Thanks for posting this question to the studygroup!

So what I understand from your post is that want to make a new data.frame with one variable per primer. So each observation will then have a variable with the Ct (?) value for primer pair 1, a variable for primer pair 2 etc..

Using spread to do this with a simplified example:

A <- data.frame( Name = c("Kees", "Leaf", "Kees", "Leaf"), Detector = c(1, 1, 10, 10), Ct = c(1,2,3,4))
spread(A, Detector, Ct)

Will generate a data.frame of 2 observations and 3 variables (Name, 1 and 10). The first argument is the data.frame you want to transform, the second argument is the variable you want to use for the column names (key) and the third argument sets the variable used to take the values from. Note that spread only works if there is a one-to-many relationship between the unique values in the untouched columns and the unique values in the keys and not if there are many-to-many relationships.

So, the following will not work:

A <- A <- data.frame( Name = c("Kees", "Kees", "Leaf", "Leaf", "Kees", "Leaf"), Detector = c(1, 1, 1, 1, 10, 10), Ct = c(1,2,3,4, 5, 6))
spread(A, Detector, Ct)

As this is the case with the data provide, you cannot use spread, because there is no way to know which "Ct" value of primer pair 1 belongs to which observation with the name "Kees" (there are multiple observations for "Kees" with primer pair 1).

Also in most cases R prefers a data.frame in the long-format (as you already have it) and not in wide-format (what you are trying to create), so maybe you can explain us what you want to do after this step? So we can advise you on the appropriate steps to get to your goal.

I hope this helps you a bit.

Joeri

[JihedC]

Hi Joeri,

Thanks for such a quick reply! I just figure out after posting that spread() is not going to work that easily.

I have 12 samples of cDNA on a 96 wells plate for qPCR. For example the sample 'Kees' have 2 technical replicates for each set of primers, so in this first qPCR 'Kees' sample is found 8 times.
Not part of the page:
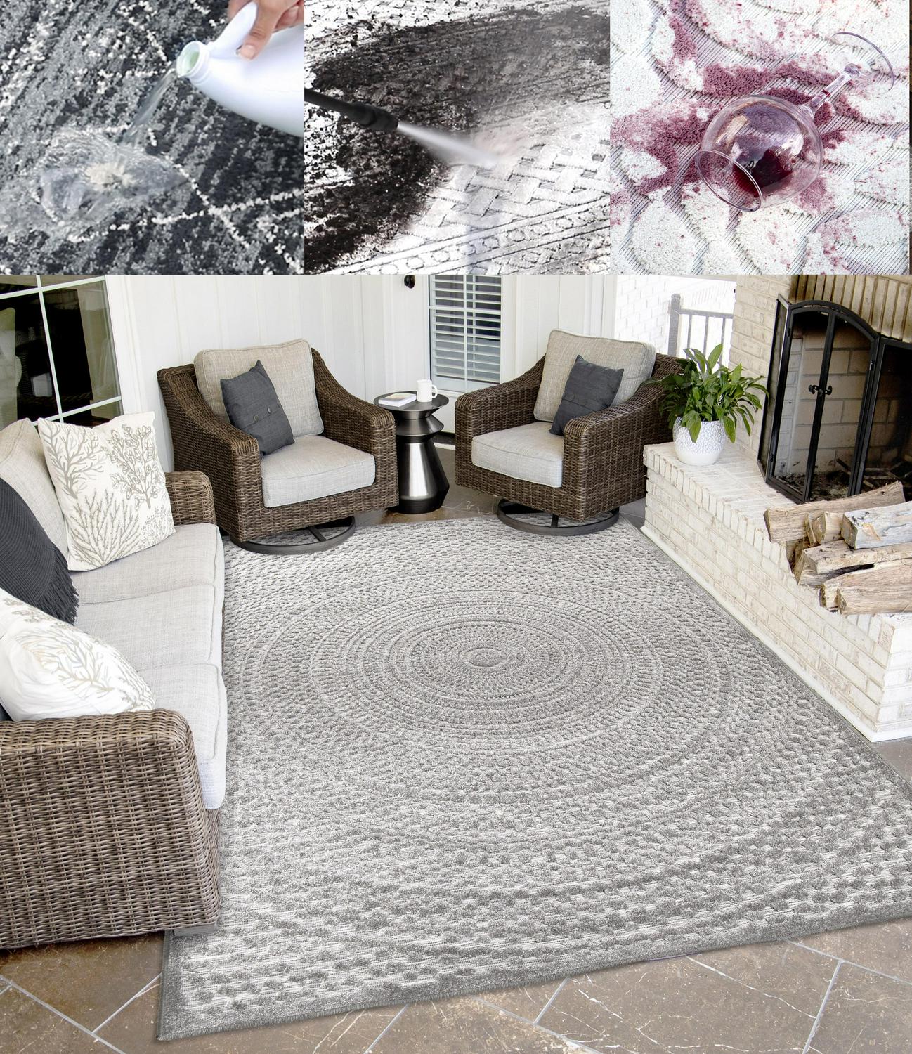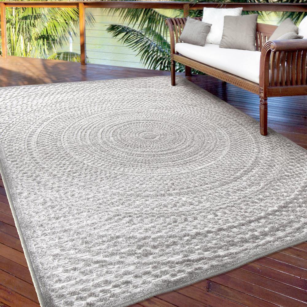 Orian Boucle Cerulean 5’2 X 7’6 Silverton Geometric Outdoor Rug

They are the same sample but treated with different primers.

My goal here would be to :

• Read the csv file produced by the qPCR machine
• Reshape the data in order to have for 1 sample and its replicate the value of the primers tested, annotated in the csv files as different 'Detector'.
• Use the different variable for each observation to make the calculation of the relative expression of each sample compared to a sample that I would define as the control within the data frame. The calculation would generate a new column 2^(delta-deltaCt).
• Generate plot of the fold-change in expression of the gene.
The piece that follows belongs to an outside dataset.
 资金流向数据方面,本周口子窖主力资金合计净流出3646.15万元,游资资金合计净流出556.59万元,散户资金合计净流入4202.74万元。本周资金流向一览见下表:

I would like to do this because I will have many more samples and replication of the sample(observations) to make, and also many more gene to test. It would be much easier if I can get a script that automatically make the calculation and the plot.
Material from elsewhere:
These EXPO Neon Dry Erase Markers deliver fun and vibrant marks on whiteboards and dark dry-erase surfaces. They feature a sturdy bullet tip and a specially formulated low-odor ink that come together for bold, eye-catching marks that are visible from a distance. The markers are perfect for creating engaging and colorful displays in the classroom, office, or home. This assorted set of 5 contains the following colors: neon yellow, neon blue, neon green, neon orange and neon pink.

There are a several script already made in R for this but with my basic level I don't really know if they can be adapted to the type of data we get from our machine, nor how to make it work.

My idea was to change the data in tidy format so calculation can easily be done, but I might be wrong. Any input would be a great help and if you want I can show you what I get when I spread the data.

Thanks for your help,

Jihed

[mgalland]

Hey Jihed, I hope I understand all your problems correctly. For me, you have multiple problems in one here. To be able to go from qPCR results to plot, you need to do:

1. You need to average technical replicates (=same biological sample, same primer pair).
2. Then, you need to compute the 2^(DeltaTargetGene -DeltaReferenceGene) for each sample and each target gene (reference gene is common for all genes).
3. Then you need to compute the average and sd for each gene

I would first try to solve the technical replicate problem. This will give you ideas and hints for the rest. Make a dummy data frame with only one primer pair first. For instance:

Well	Sample	Detector	Task	Ct	Std
A1	Sample1	GeneA	Unknown	25.6	0.2
A2	Sample2	GeneA	Unknown	26.6	0.2
A3	Sample1	GeneB	Unknown	29.9	0.2
A4	Sample2	GeneB	Unknown	31.0	0.2

Average the technical replicates for geneA and for geneB (using dplyr).

If you can do that, then the rest should be easier. You'll need to add extra columns to identify your reference gene (add a column with "target" and "reference" in there).

Let me know how it goes, Marc Ps: thanks for posting this issue here!